_Collected data_
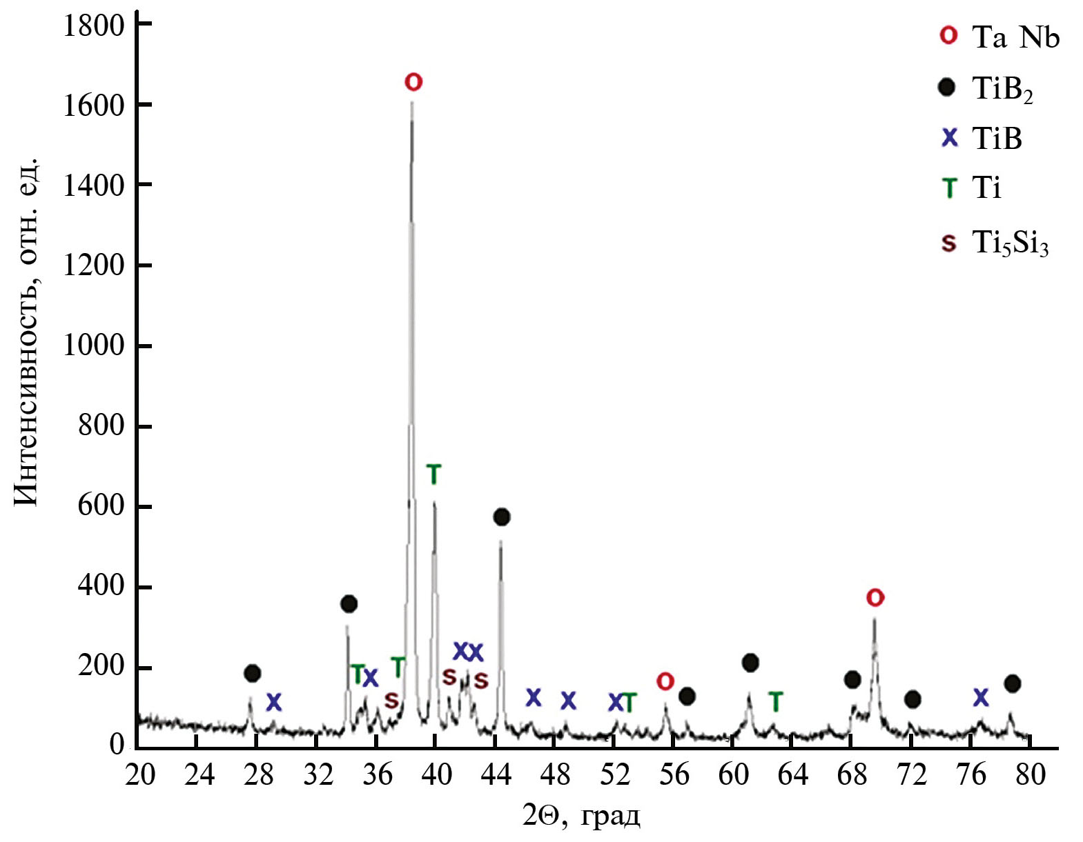 Данные рентгенофазового анализа (рис. 3), снятые с боковых поверхностей образцов, хорошо согласуются с данными растровой электронной микроскопии. По результатам РФА в образце присутствуют фазы TiB (орторомбическая структура) и TiB2 (гексагональная структура), фазы металлов титана (гексагональная структура), тантала (объемноцентрированная кубическая структура), ниобия (объемноцентрированная кубическая структура) и небольшое количество силицида титана Ti5Si3 (гексагональная кристаллическая структура). Наличие низшего силицида Ti5Si3 благоприятно сказывается на жаростойкости материала и улучшает свойства материалов при высоких температурах, так как при его образовании объемные изменения меньше, чем при образовании высших силицидов [27].
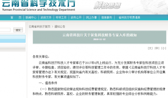 云南省科技厅关于征集科技财务专家入库的通知
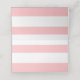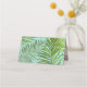 Stylish folded escort cards feature a tropical style design with two pink flamingoes, and patterns of green palm leaves and pink cabana stripes.
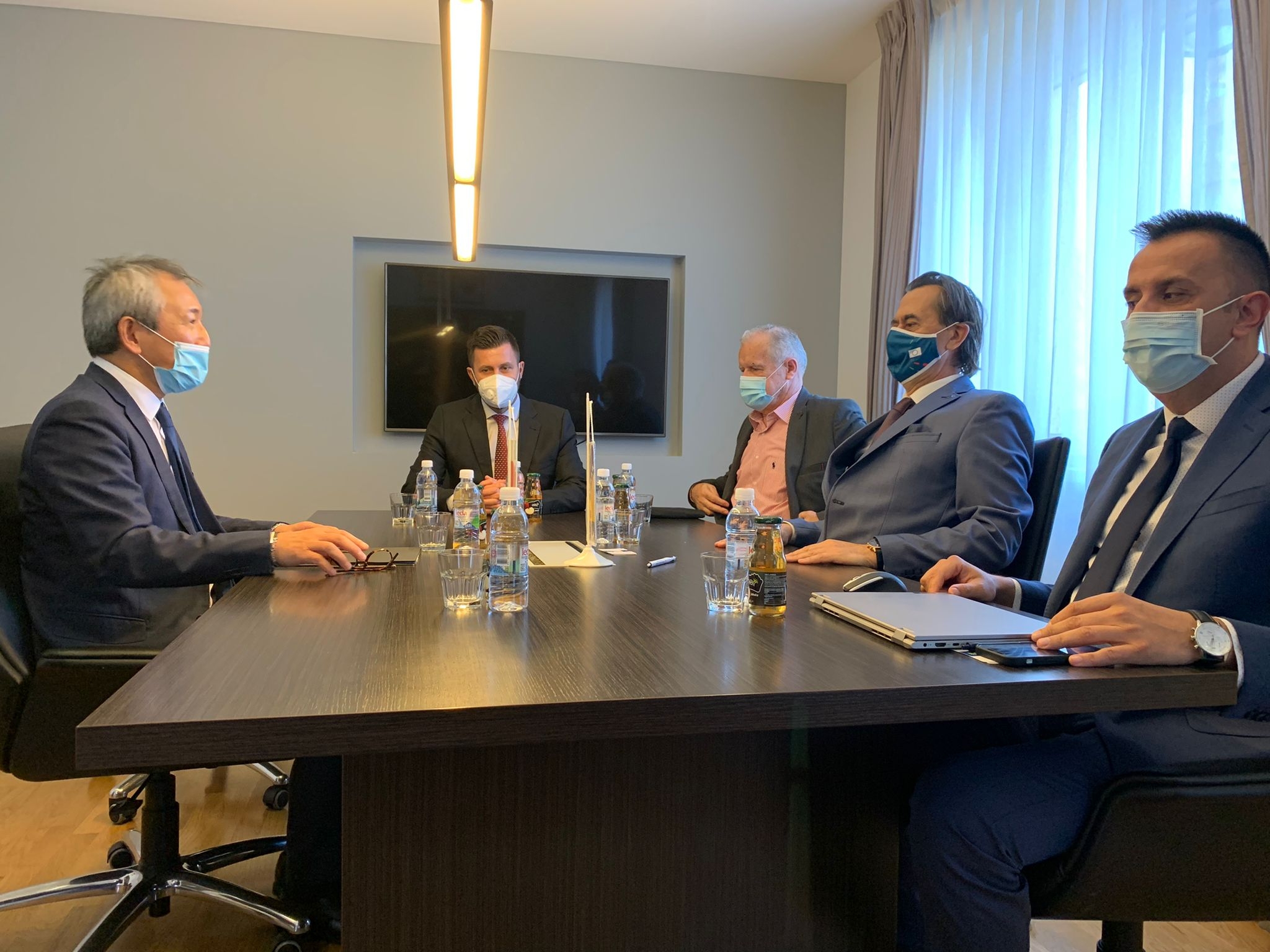 伊藤大使のトゥズラ県訪問 令和3年11月1日 10月25日、伊藤大使はトゥズラ県を訪問し、同県政府エルビス・ホジッチ首相、バラコビッチ同教育・科学大臣、ホジッチ同経済大臣及びラキッチ同財務大臣と会談を行いました。ホジッチ首相は、小学校等への支援を含め我が国の長きにわたる同県への支援に対して感謝の意を述べました。また伊藤大使とホジッチ首相は、同席の大臣と更なる経済・社会及び文化分野における今後の協力につき意見を交わしました。

_Action item_
Without including the pictures, copy all of the data exactly.

_Solution for this task_
 Данные рентгенофазового анализа (рис. 3), снятые с боковых поверхностей образцов, хорошо согласуются с данными растровой электронной микроскопии. По результатам РФА в образце присутствуют фазы TiB (орторомбическая структура) и TiB2 (гексагональная структура), фазы металлов титана (гексагональная структура), тантала (объемноцентрированная кубическая структура), ниобия (объемноцентрированная кубическая структура) и небольшое количество силицида титана Ti5Si3 (гексагональная кристаллическая структура). Наличие низшего силицида Ti5Si3 благоприятно сказывается на жаростойкости материала и улучшает свойства материалов при высоких температурах, так как при его образовании объемные изменения меньше, чем при образовании высших силицидов [27].
 云南省科技厅关于征集科技财务专家入库的通知
 Stylish folded escort cards feature a tropical style design with two pink flamingoes, and patterns of green palm leaves and pink cabana stripes.
 伊藤大使のトゥズラ県訪問 令和3年11月1日 10月25日、伊藤大使はトゥズラ県を訪問し、同県政府エルビス・ホジッチ首相、バラコビッチ同教育・科学大臣、ホジッチ同経済大臣及びラキッチ同財務大臣と会談を行いました。ホジッチ首相は、小学校等への支援を含め我が国の長きにわたる同県への支援に対して感謝の意を述べました。また伊藤大使とホジッチ首相は、同席の大臣と更なる経済・社会及び文化分野における今後の協力につき意見を交わしました。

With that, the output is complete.